Friday Evening Videos: “I Need to Know”

Just lately, I’ve been teetering on the edge of another one of those funks when I feel like my moment has come and gone, and the Arbiters of Cool have declared all the things I like obsolete and irrelevant, and it’s just as well I don’t have kids because what the hell could I possibly have in common with them at this point? You know, that thing Grampa Simpson was talking about when he said “I used to be with it, but then they changed what it was. Now what I’m with isn’t it, and what’s it seems weird and scary to me.” (You see! A Simpsons reference. How passe’ is that? I hate it when I inadvertently prove my own point!)

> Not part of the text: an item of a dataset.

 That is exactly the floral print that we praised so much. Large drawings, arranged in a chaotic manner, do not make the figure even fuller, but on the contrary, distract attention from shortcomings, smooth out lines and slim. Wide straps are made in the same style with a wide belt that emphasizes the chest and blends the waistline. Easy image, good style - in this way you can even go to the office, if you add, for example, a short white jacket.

But then today, just as the Generation Gap was yawning before me like the Grand Canyon and the edge was crumbling under my feet, onto my morning train stepped a pretty young blonde that I would guess was about seventeen years old. (Must… resist… obvious reference to the Stray Cats song…) She wore jeans that were ripped out at the knees, with red-and-black striped tights beneath, and fingerless knit gloves, and the ubiquitous hoodie. She was the sort of girl I would’ve fallen instantly in love with, once upon a far-off time when I was seventeen myself. She was holding an iPhone on which I could see a video playing, and she was bopping her head along to the accompanying music.

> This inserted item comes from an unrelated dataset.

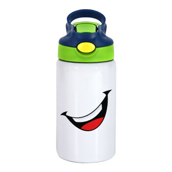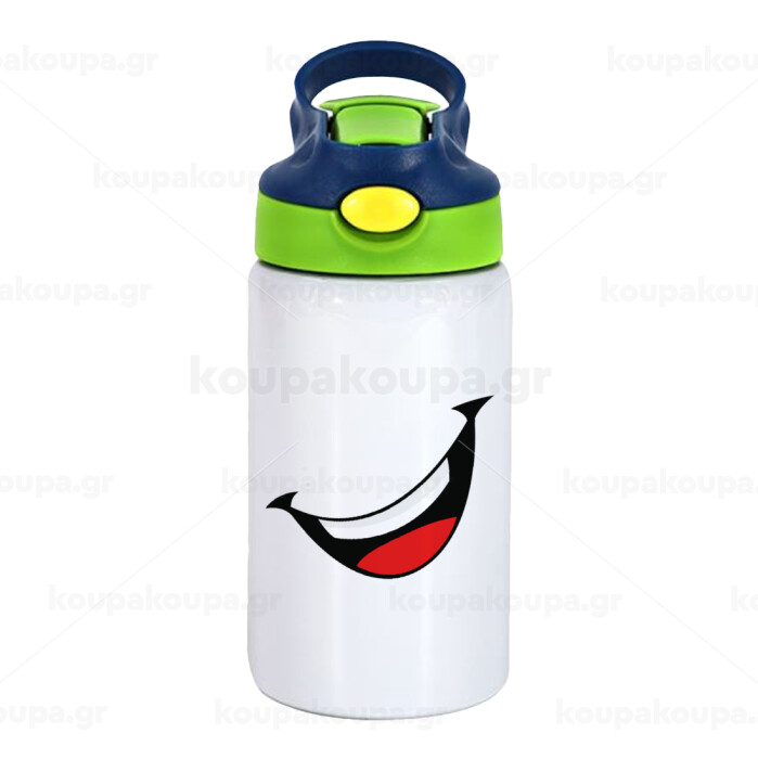 Φατσούλα γελάω!!!, Children's hot water bottle, stainless steel, with safety straw, green, blue (350ml)

I cringed, because I really wasn’t in the mood to have some inconsiderate Damn Kid(tm) who can’t be bothered to wear headphones foisting her crappy music on me. My irritation rose as she sat down right across the aisle from me and turned her gadget toward me so the music grew even louder. And then I caught what she was listening to… and my mouth almost literally fell open from the surprise. It was something I knew. More than that, it was something I like, a song called “I Need to Know,” written by Tom Petty.

This particular version of the song was a live clip featuring my rock-n-roll sweetheart, the eternally sexy (in my eyes) Stevie Nicks, singing the lead while Petty provides the guitar and back-up vocal. In fact, I think it was this very clip here:

Seeing a teenage girl so obviously and unironically enjoying a song that was originally recorded when I was just a kid myself — 1978, to be exact — performed by two people old enough to be her grandparents, gave me such a simple feeling of genuine happiness that I feel foolish even trying to describe it.

My train stop came up just as the song was ending. I debated over saying something to the girl, telling her that she’d dispelled a black fog from my heart, or maybe just that she had excellent taste in music, but I feared coming across as some kind of creep. (It pains me deeply that a grown man can’t even speak to a young girl anymore without worrying that he’ll be, ahem, misunderstood!) So I settled for just tapping her on the shoulder as I passed and saying, “For what it’s worth, I love that one.”

She giggled. She actually giggled. And I had the brief impression I’d made her day as much as she’d made mine.

Then I stepped off the train and started walking toward the office. I noticed I had something resembling a spring in my step. And I was smiling, too.

Thanks, kid. Whoever you were. You don’t know how much good you did this morning.